# Beretta 92G Centurion Value



## BigSweetT (Aug 7, 2018)

I just acquired a 94 model 92G Centurion with trijicon night sights (dim to can't see at night) with one mag and original grips that have some wear. It is in overall good condition for its age and doesn't appear as if it has seen 1000's of rounds in it's life. Not a safe queen by any stretch, but in overall good shape. I have no real idea what it is worth and would like some insight from those who know Beretta way better than I do.


----------



## Shipwreck (Jan 26, 2006)

Honestly - $400-$500, and that's max. At another forum, we have been discussing the used valuie of a normal 92FS. We've had some back and forth, because prices vary by geography. Here in Texas, I can get a new 92FS at a Houston area gun show for $450-$485 over the past couple of years. At other places - they are almost $600. Admittedly, they are like $585 at my local gunshop too.

Anyway - a centurion is a little more sought after than a standard 92. But, you say that your night sights are expired. Also, Trijicon changed their policy - they will not replace tritium inserts on Beretta 92 sights if there is not at least SOME glow. They want to make sure the inserts are not ruptured (if there is NO glow, then they cannot be sure). They won't do it otherwise. 

And, if you send it in and it IS ruptured, they will keep the slide and not return it. They have to abide by new govt regulations that kicked in about 2 years ago. So, without more info - I can't say if you can get new tritium for the sights..... So, it is possible that you cannot change the night sights on it (because of the fixed, built in front sight on the slide).

Anyway - I think you would be hard pressed to say it's worth more than $500. 

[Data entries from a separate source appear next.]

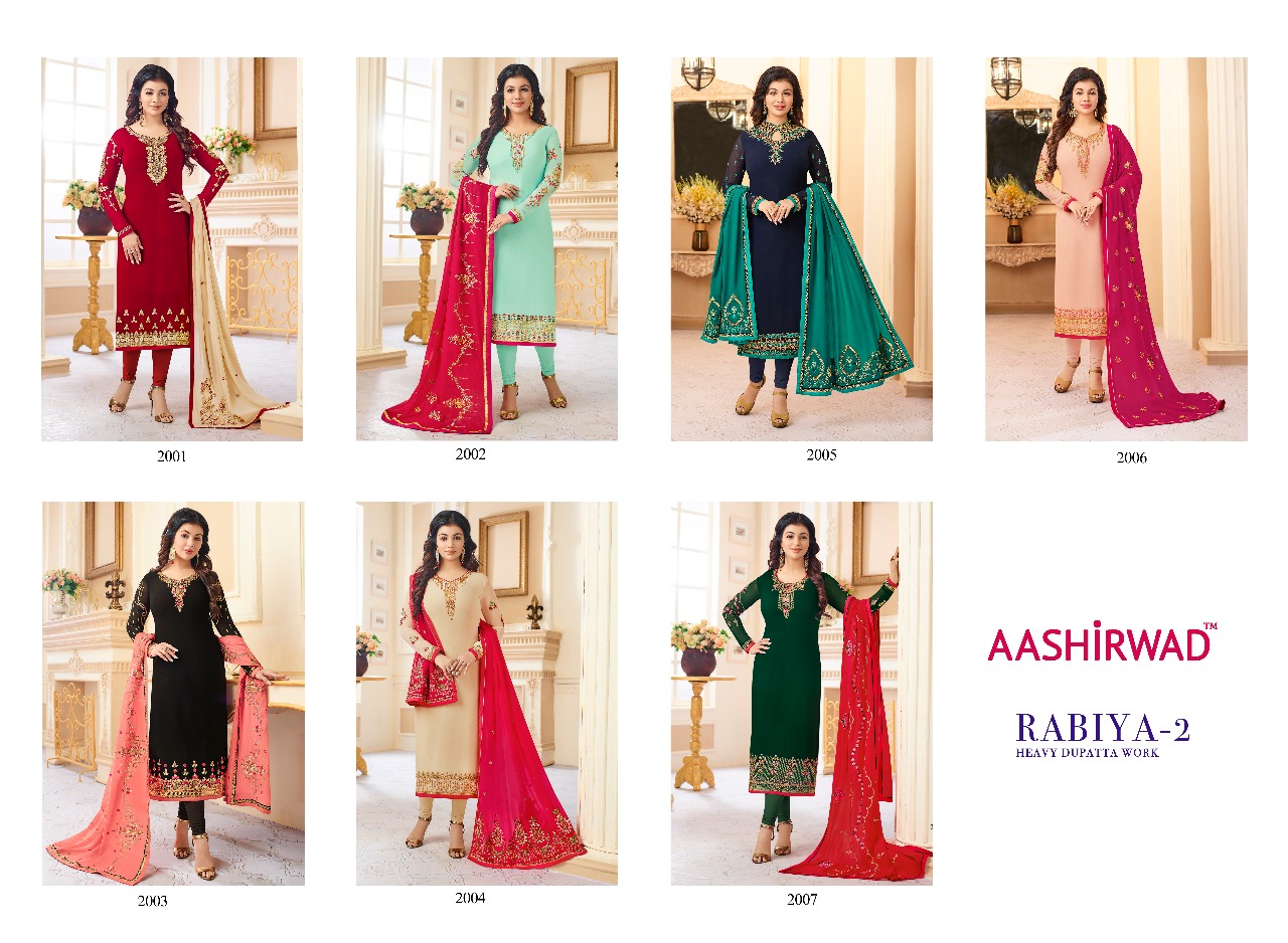 Buy Online Aashirwad Rabiya Vol 2 Designer Heavy Dupatta Suit Collectio 7 Pcs of Full Catalogue at Wholesale Price. Looking for Aashirwad Rabiya Vol 2 Designer Heavy Dupatta Suit Collectio Full Catalouge at Best Price? Buy Now Aashirwad Rabiya Vol 2 Designer Heavy Dupatta Suit Collectio at Wholesale Rate of Rs 11865 with Total 7 Pcs from authroized dealer and supplier of AASHIRWAD Brand. Cost of Each piece is just only Rs 1695 which is very low and affordable price to resale the product in your retail store ,This is Surat based Wholesale Supplier & Dealer of AASHIRWAD Brand. Click on Brand name to Know more about AASHIRWAD Brand's products.Call or Whatsapp on 9898838984 for booking or enquiry
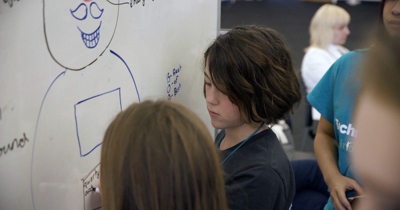 A Technovation Challenge finalist begins the brainstorming process, listing ideas, and features for her group’s robot during CHM’s Design the Future workshop.
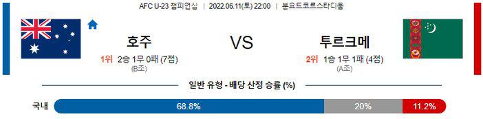 【AFC U-23】 6월 11일 호주 vs 투르크메니스탄

I've owned 28 Beretta 92 variants over the past 20 years, so I do have experience with the platform


----------



## BigSweetT (Aug 7, 2018)

Thank you for the info. I was hoping $400. I got it for $275 so I am very pleased.


----------



## Shipwreck (Jan 26, 2006)

You might get that, if you play up that it is a sought after centurion.

With the price of new ones here, I would not pay that much. But, I do think you can get $400


----------